Abstract
Focused ultrasound can modulate neuronal activity noninvasively with high spatial specificity. In intact nervous systems, however, efforts to determine its enigmatic mode of efficacy have been confounded by the indirect effects of ultrasound on mechanosensitive sensory cells and the inability to target equivalent populations of cells with precision across preparations. Single-cell approaches, either via cultured mammalian neurons or tractable invertebrate neural systems, hold great promise for elucidating the cellular mechanisms underlying the actions of ultrasound. Here, we present evidence from the medicinal leech, Hirudo verbana, that researchers should apply caution when utilizing ultrasound in conjunction with single-cell electrophysiological recording techniques, including sharp-electrode intracellular recording. Although we found that ultrasound could elicit depolarization of the resting membrane potential of single neurons, a finding with precedent, we determined that this effect and others could be reliably mimicked via subtle manual displacement of the recording electrode. Because focused ultrasound is known to induce resonance of recording electrodes, we aimed to determine how similarly ultrasound-induced depolarizations matched those produced by micro movements of a sharp glass electrode, a phenomenon we believe can account for purported depolarizations measured in this manner. Furthermore, we show that when clonally related homologous neurons, which are essentially isopotential, are impaled prior to the application of focused ultrasound, they show a statistically significant change in their membrane potential as compared to the homologous cells that received ultrasound with no initial impalement. Future investigations into ultrasound’s cellular effects should attempt to control for potential electrode resonance or utilize alternative recording strategies.

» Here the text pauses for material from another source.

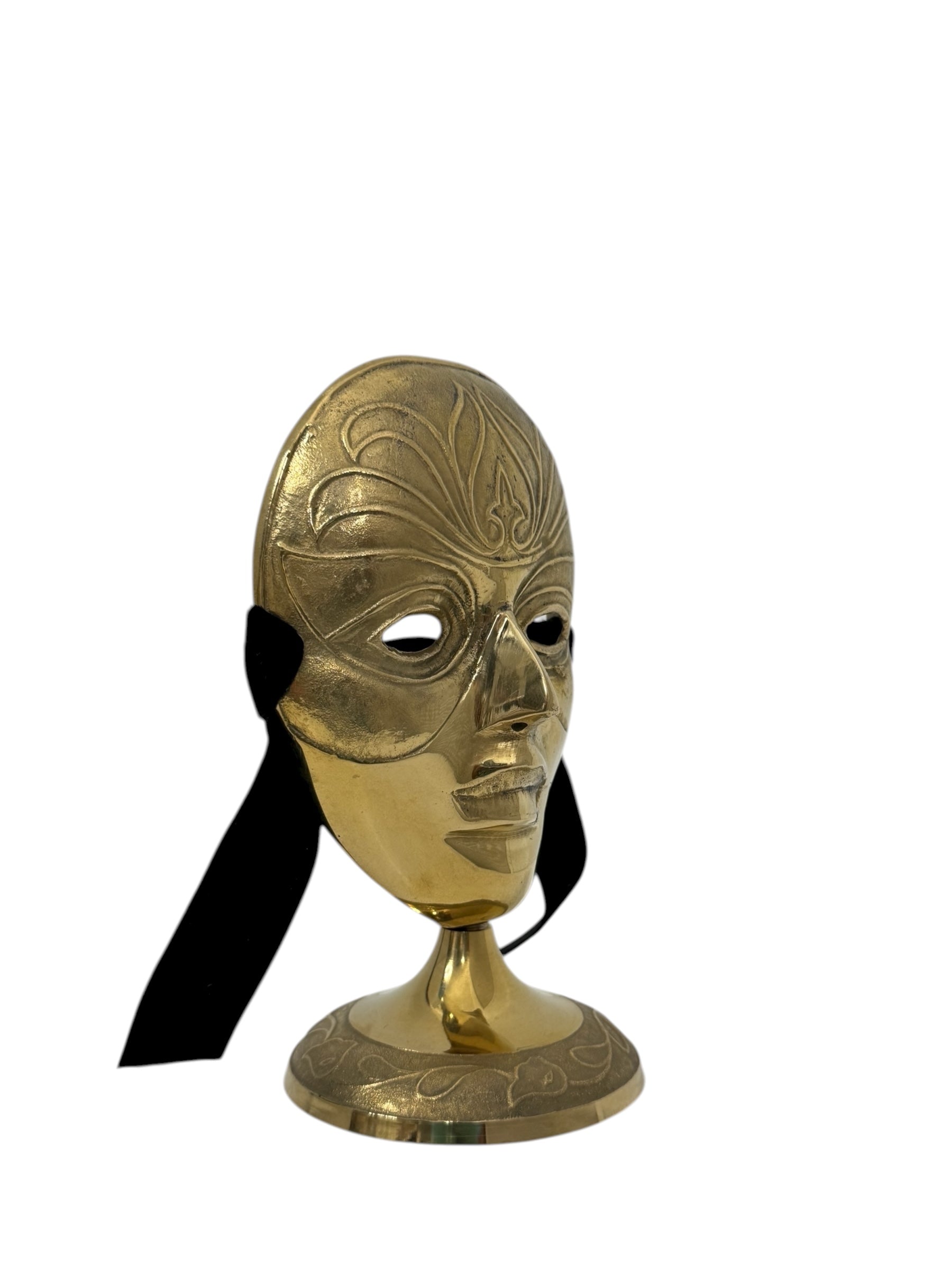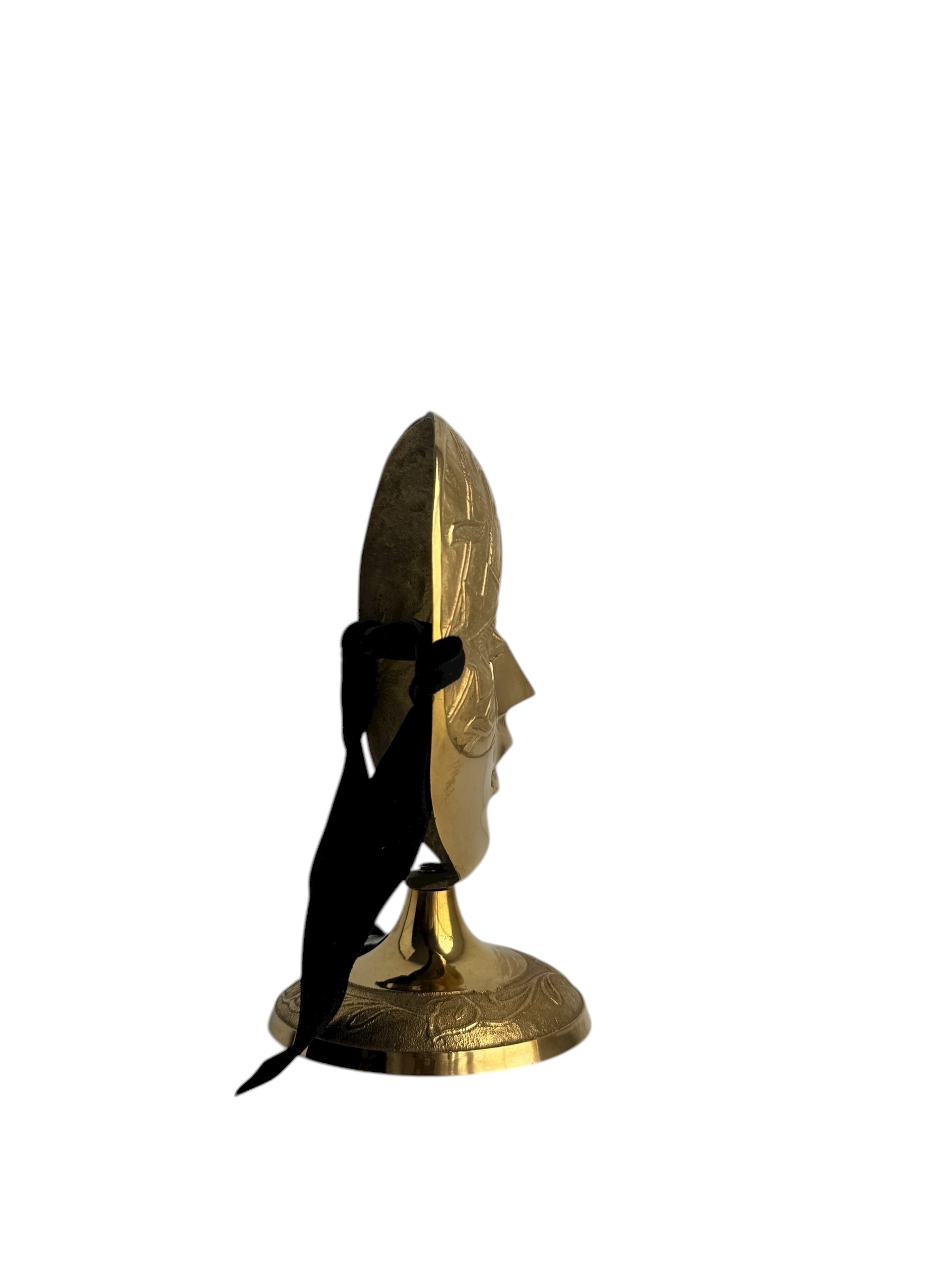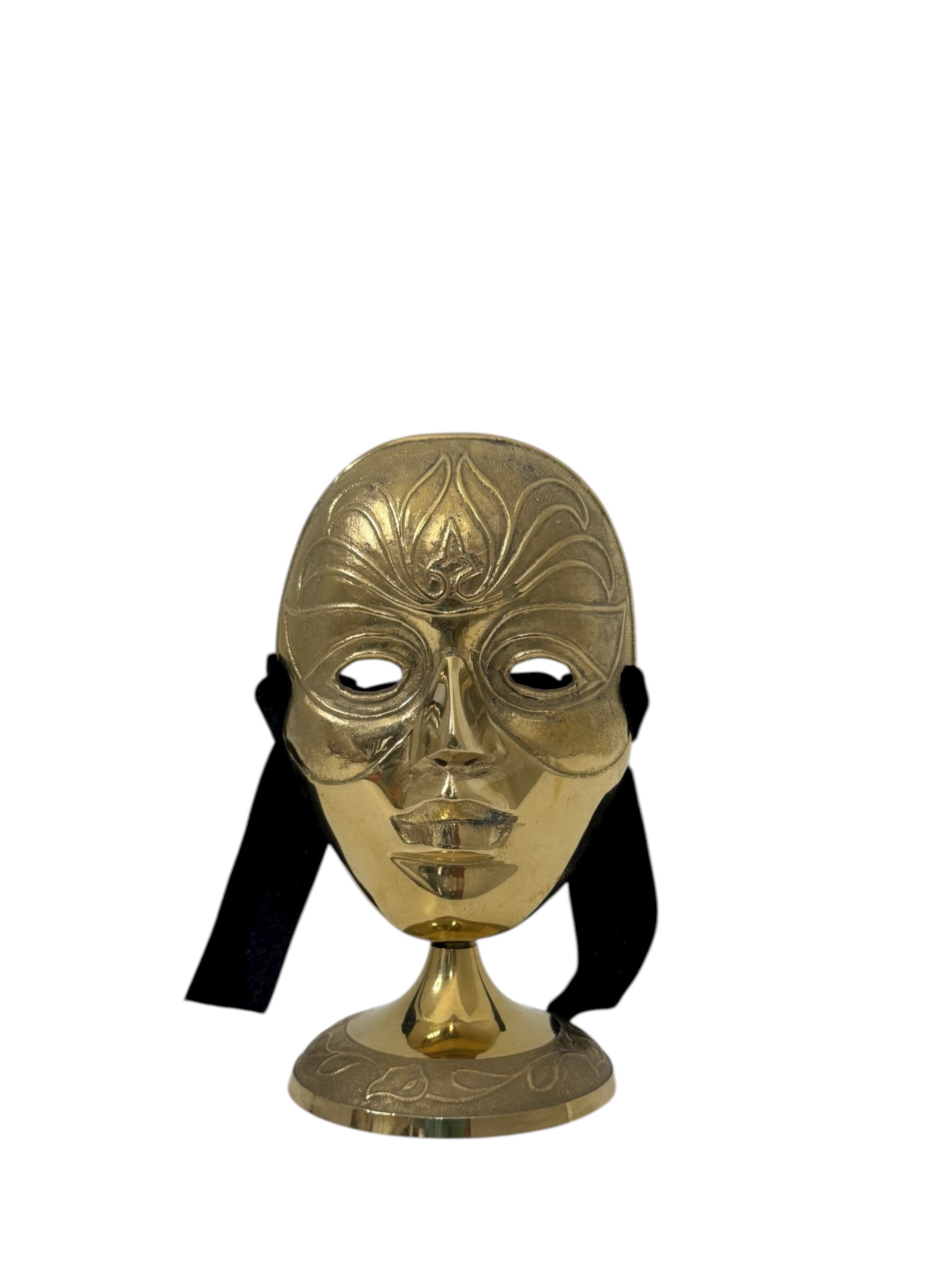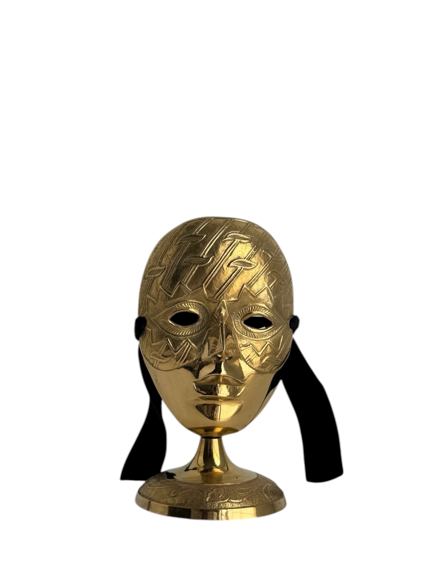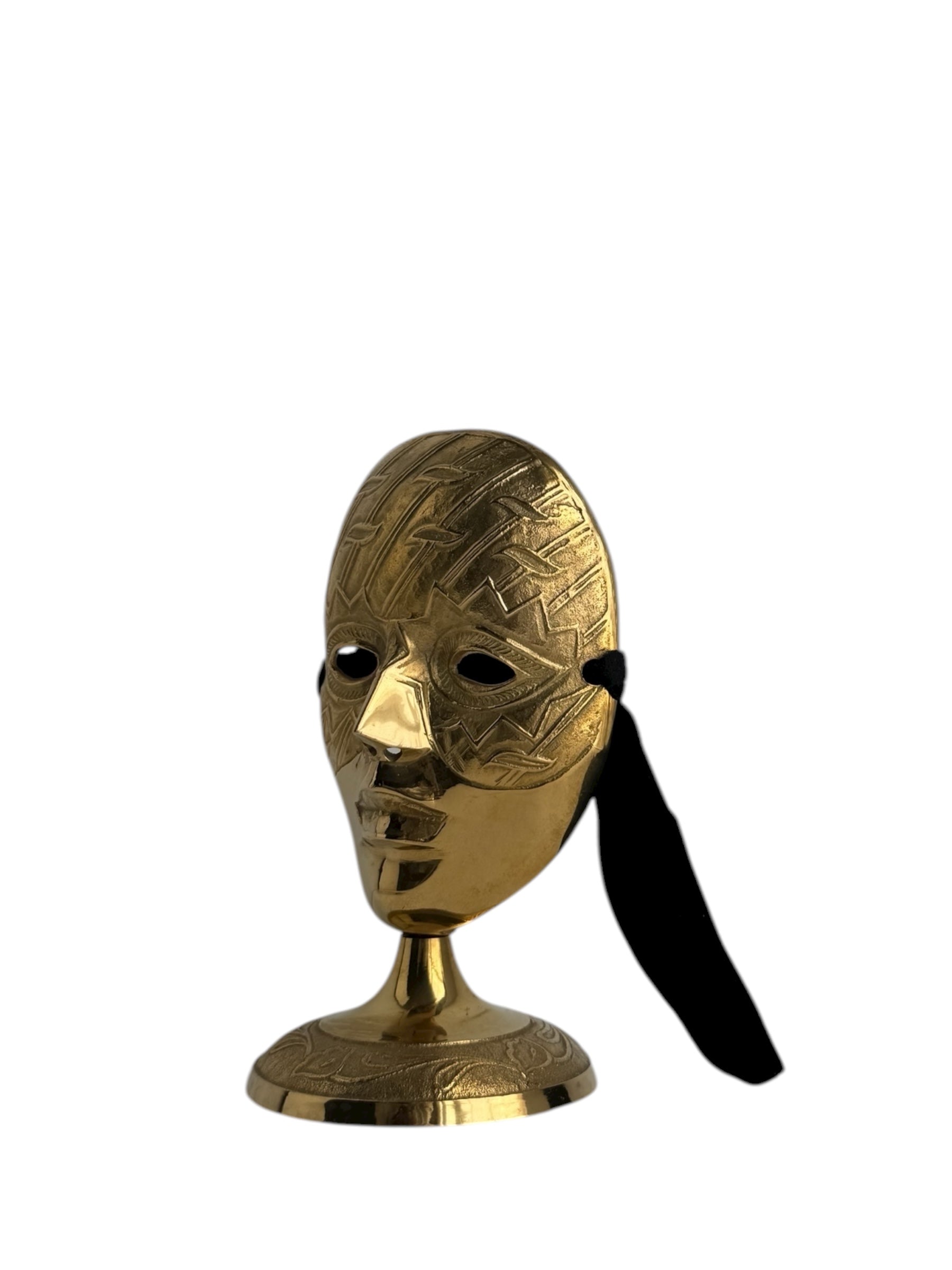 Vintage Brass Mask Sculpture on Stand

SIGNIFICANCE STATEMENT Interest in focused ultrasound (US) neuromodulation has soared in recent years, yet researchers have yet to agree on whether ultrasound excites or inhibits neuronal activity, or what mechanisms underly these effects. Basic investigations have attempted to clarify how US affects neuronal membrane properties to understand how it alters firing rates. Several groups have linked ultrasound-induced excitation to depolarization of the resting membrane potential, as measured with intracellular sharp electrodes or membrane patch methods. Here, we replicate this depolarization while recording with intracellular sharp electrodes, but find that the depolarizing effects of US can be replicated by small displacements of the recording electrode. We conclude that intracellular electrophysiological investigations of ultrasound’s neuromodulatory effects are susceptible to artifacts introduced via electrode resonance.
- Cavitation
- Electrode resonance
- Hirudo verbana
- Intracellular recording
- Leak currents
- Ultrasound neuromodulation
Footnotes
Authors report no conflict of interest
This work was funded by a University of Minnesota MnDRIVE Neuromodulation Fellowship to MNC and a Grant-in-Aid of Research to KAM. This work was also partially funded by NSF grant #1451007 awarded to KAM.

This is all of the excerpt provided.